Weekly breakfast group called the "Reagan Bunch" keeps former high school classmates together

Thursday, July 12, 2018
Weekly breakfast group called the "Reagan Bunch" keeps former high school classmates together
Weekly breakfast group called the "Reagan Bunch" keeps former high school classmates together

HOUSTON, Texas (KTRK) -- In a city that prides itself on being modern, it's sometimes hard to find the past. That's why a weekly breakfast group that meets in The Heights is a pleasant counterpoint.

For a dozen years, the group that calls itself the "Reagan Bunch" has been meeting over coffee. Their chosen spot is the Yale Drugstore, where they fill a large center table next to the counter.

"We do it to get away from the wives," joked one member. They're all men in their 80s, and they all graduated from Reagan High School, which was renamed Heights High School.

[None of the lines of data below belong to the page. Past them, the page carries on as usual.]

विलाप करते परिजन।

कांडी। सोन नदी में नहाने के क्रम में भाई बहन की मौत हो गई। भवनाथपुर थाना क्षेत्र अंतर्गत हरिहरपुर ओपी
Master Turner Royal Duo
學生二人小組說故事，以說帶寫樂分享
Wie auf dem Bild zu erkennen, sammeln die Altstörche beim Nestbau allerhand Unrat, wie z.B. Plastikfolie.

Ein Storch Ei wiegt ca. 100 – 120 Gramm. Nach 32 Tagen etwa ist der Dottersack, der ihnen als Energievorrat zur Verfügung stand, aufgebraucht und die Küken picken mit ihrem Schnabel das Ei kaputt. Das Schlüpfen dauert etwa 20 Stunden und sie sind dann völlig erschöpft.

"It got to the point where we weren't planning for 10-year high school reunions," said John Wener, who graduated in the early 1950s and went on to become a civil attorney. "I guess we look at each other like they people we've become. We don't think about just those days."

Howard Moon is a member of the class of 1951. He was a tight end for the Reagan Bulldogs football team, the year the team won the city championship, he said.

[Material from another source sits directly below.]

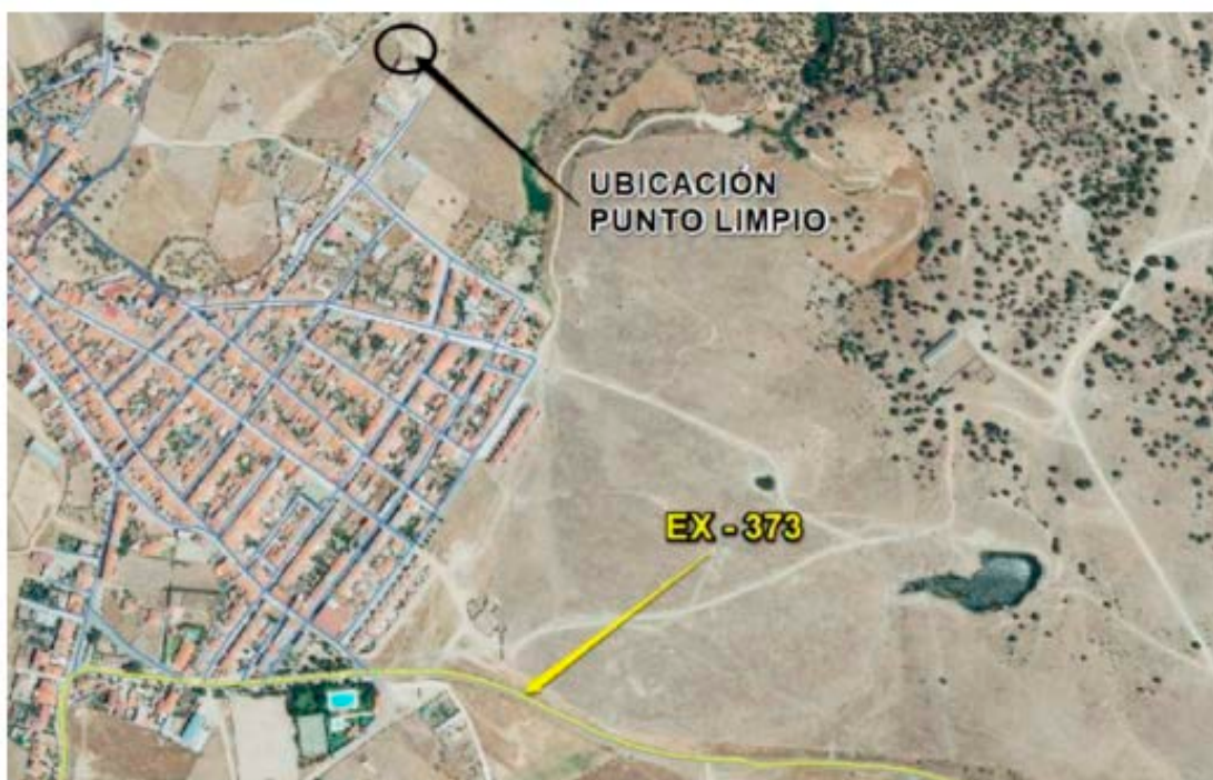
Localización del punto limpio.

When asked what he enjoys about meeting with his former classmates each week, he facetiously replied, "for the inspiration, and invigoration that makes me go to work.

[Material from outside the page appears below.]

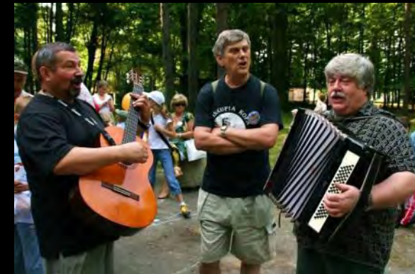
Rozśpiewane trio z prudnickiego PTTK

At 85, Moon is retired from the insurance business. He also played football at UT.

It's the way friendships used to be before social media transformed them from personal contact into digital.

They celebrate birthdays at the table, remember classmates who've passed on, and recall their childhood memories formed in the Houston Heights.

"Things change over time," said Don Harvey, 84, who's part of the bunch, and still lives in the Heights. "When you look back, and you thought you had it bad, that was our best days."

They are octogenarians, but they're full of life, conversation, and energy. You can see for yourself if you stop by the Yale Drugstore lunch counter on Wednesday morning.

"If you don't have a sense of humor, don't come," said Harvey, with a smile. "We're always saying something about somebody and we laugh it off."